Governor Cuomo and state lawmakers are coming down the homestretch in the budget negotiations for the fiscal year starting April 1st. The budget negotiations have, so far, been typical in some ways and highly contentious in others.
The process has been typical in the way that virtually all decisions are being hammered out behind closed doors, with only an occasional public glimpse obtained during sham public joint conference “meetings.”
The substance of the budget has been contentious – at least in some areas. For example, the debate over the so-called New York DREAM Act has been marred by extreme political posturing.
The New York DREAM Act would allow college students who are not legal residents of the state to be eligible for awards if they meet certain qualifications. The student must have either: (1) attended and graduated from New York high school; or (2) otherwise be eligible for a State University of New York (SUNY), the City University of New York (CUNY) or one of the state’s community colleges.
These students will also be required to file an affidavit with the college that he or she has filed an application to legalize his or her immigration status.
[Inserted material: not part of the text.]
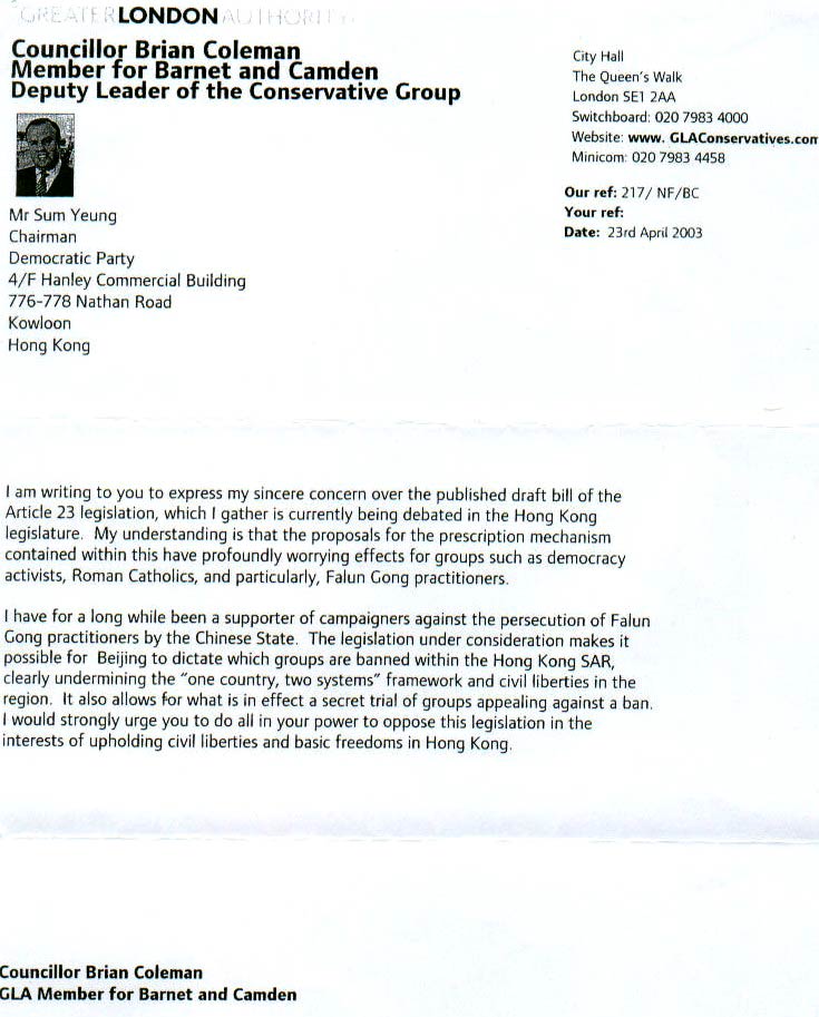 我以此函向你表达我对已公布的23条立法草案的关注,我想此提案也正在香港立法委引起争议。我认为这一包含取缔机制的提案对民主运动,罗马天主教,尤其是法轮功等组织具有非常令人担忧的影响。

New York State already allows these students to qualify for in-state public college tuition, assuming that they otherwise qualify for college. This provision was signed into law by former Governor Pataki.
In short, the New York DREAM Act allows students who are undocumented immigrants and who already have been accepted to a public college and are paying in-state tuition, to be considered for college financial aid.
Yet in the poisonous politics of America today, such an idea is considered by some to be scandalous. The legislation passed in the Assembly along partisan lines and when it came up for a vote in the state Senate it was defeated with 30 Senators in support and 29 against. However, with open seats and absences, the bill failed to get the 32 votes needed for passage.
The fate of the plan now is a top issue in the budget. The Assembly advanced the DREAM Act in its budget and the governor has stated his support. But the Senate has said no.
Another key issue in the budget debate is campaign finance reform. The governor had proposed in his budget sweeping changes in the state’s campaign finance system: lower contribution limits, more expensive disclosures, enhanced enforcement, and a voluntary system of public financing.
The Assembly’s version of the budget established a system of public financing, but did little else. The Senate’s version of the budget did virtually nothing other than state that it was considering reforms.
The fates of both of these issues are now under consideration in the budget talks. Whether college students who are in families in which the parents are undocumented immigrants and whether New York State sets up a system of public financing make it into the final budget agreement hinges on whether the governor makes it a priority.
New York State vests enormous budgetary power in its executive. Governor Cuomo can force the legislature to adopt his budgetary plan. Whether that’s a good idea or not is for another day, but he has the power to make things happen in the budget.
Whether he is currently applying his extraordinary powers to reform Albany and help college students is unclear. As mentioned earlier, the budget talks are being held in secret. But with the budget deadline in one week, we’ll know then if the governor flexed his budgetary muscle on these proposals.
Blair Horner is the Legislative Director of the New York Public Interest Research Group.